This method of operation has not only found success at the hands of the writer, but the paper was discussed by such men as Ochsner, Murphy, and Ferguson, all of Chicago.

Doctor Ochsner stated that the modern text-books on surgery claim for the radical cure of umbilical hernia a large mortality, and a large proportion of recurrences. The large mortality, he believes, was due to the unnecessary traumatism caused by the operation, failure sometimes due to the fact that the principles underlying the operation were not understood. The advantage of the method used by Doctor Mayo, and followed by others, is not only due to the doubling of the fascia layers, but by taking advantage of the deformity which exists in the lengthening of the distance from the sternum to the pubes.

Doctor Murphy lost a patient from pulmonary edema, following the lateral operation. He believes that the method of operating was largely responsible for this cause of death, as a latteral operation interferes with diaphragmatic breathing if there is sufficient irritation. The operation described does not interfere with breathing in the least.
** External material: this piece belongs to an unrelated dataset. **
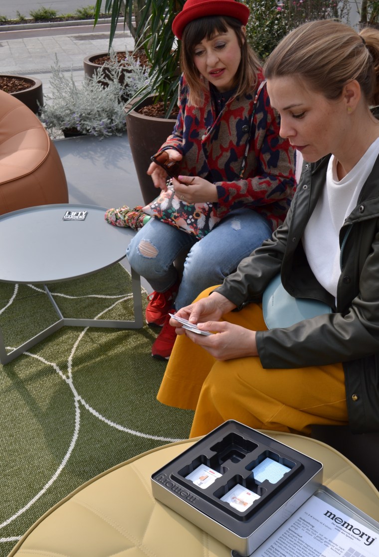 Tra uno scatto e una chiacchiera ci accomodiamo nello spazio esterno dove il verde di Mati 1909, in collaborazione con Orticolario, fa da protagonista (allestimento Lefty Gardens)

Doctor Ferguson believed that the operation is a good one, but that it was not applicable in all cases. The surgeon should perform the operation which permits the best use of material at hand for preventing the return of hernia. He believes that the bringing together of the recti muscles is of immense advantage when they are not too far separated; that the fat in the abdominal wall when excessive, should always be removed. This point, however, may apply to Mayo's operation as well as others.

Eastern surgeons do not appear to have taken part in this discussion. Doctor Mayo disclaims all credit for the devising of this operation, and states that he believes that the principles may have been known to surgeons from the time of Hippocrates.

C. C. D.

OPHTHALMOLOGY.

BY WALTER ROBERT PARKER, B. S., M. D., DETROIT, MICHIGAN.

CLINICAL ASSISTANT IN OPHTHALMOLOGY IN THE DETROIT COLLEGE OF MEDICINE.

PARALYSIS OF CONVERGENCE AND DIVERGENCE WITH PARALYSIS OF THE SUPERIOR RECTUS.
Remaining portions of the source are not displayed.